City in Isfahan province, Iran

Dehaqan (دهاقان) (Note: Also romanized as Dehāqān) is a city in the Central District of Dehaqan County, (Note: Formerly Semirom-e Sofla County) Isfahan province, Iran, serving as capital of both the county and the district.

==Demographics==
===Population===
At the time of the 2006 National Census, the city's population was 16,899 in 4,664 households. The following census in 2011 counted 17,108 people in 5,244 households. The 2016 census measured the population of the city as 17,945 people in 5,790 households.

==Overview==

The town consists of the old town, Nehzat Abad neighbourhood and Ata Abad (now part of the town). The old town itself consists of many neighborhoods, such as Melle Now (Mahalle Now), Posht Gombezi, Ghale, etc. ...

Dehaqan is located at 30 km from Shahreza city. The word "Dehaqan" originated from "Dehaq" which means "Watery Place or "Dehqan" which means "farmers".

The climatic condition of this city is divided into:
1. North and east zone, which experience semi-dry climate, suitable for agronomy and animal husbandry activities.
2. South and west zone, which has mountain climate and green hills, suitable for green house activities.

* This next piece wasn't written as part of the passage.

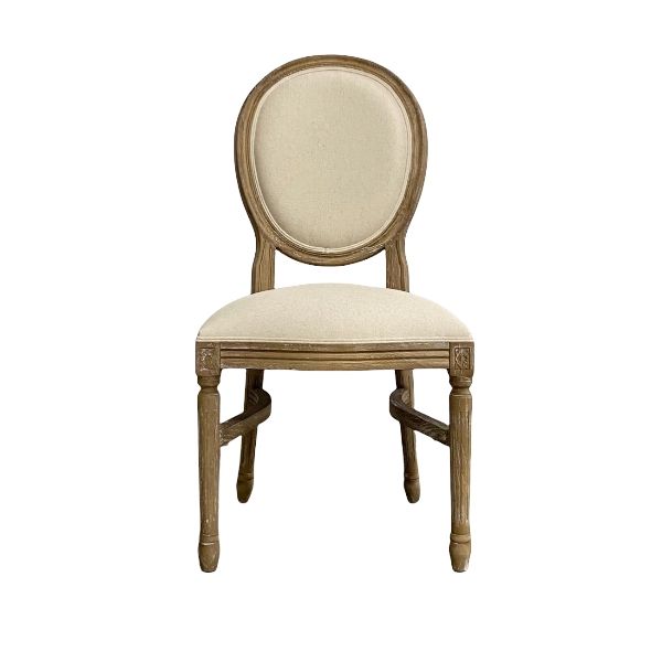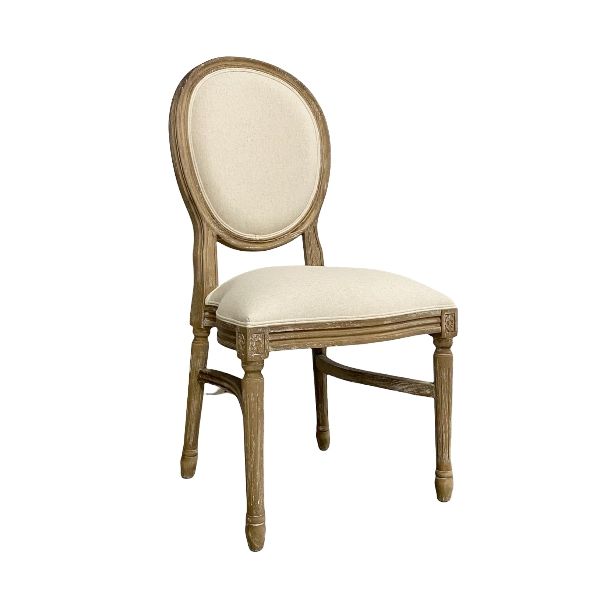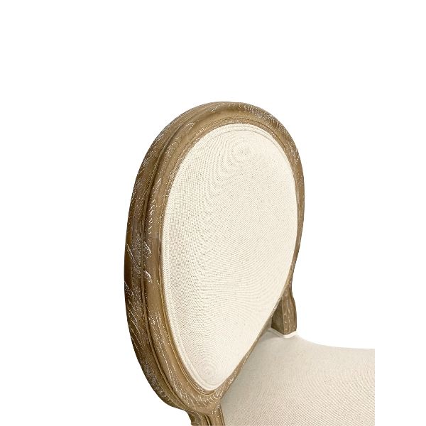 Oval back dining chair (stackable) with honeywashed wood frame and natural linen back and seat. Corridinates with Louis Cane Backs, Summit Chairs, Stackable Cane Back Chairs and any product listed to have Honeywashed finished.

Local fruits include pears and walnuts. There are so many springs(streams) around it, including at Cheshme Benoy. Its water is mineral and very tasty. In winter there is a place for skiing which is a common destination for people in Isfahan province. In the first month of spring a flower grows there which is called Lalehye wajgoon (upside down tulip).
There are two universities in Dehaghan including: Payame Noor University Dehaghan Branch and Islamic Azad University Dehaghan Branch.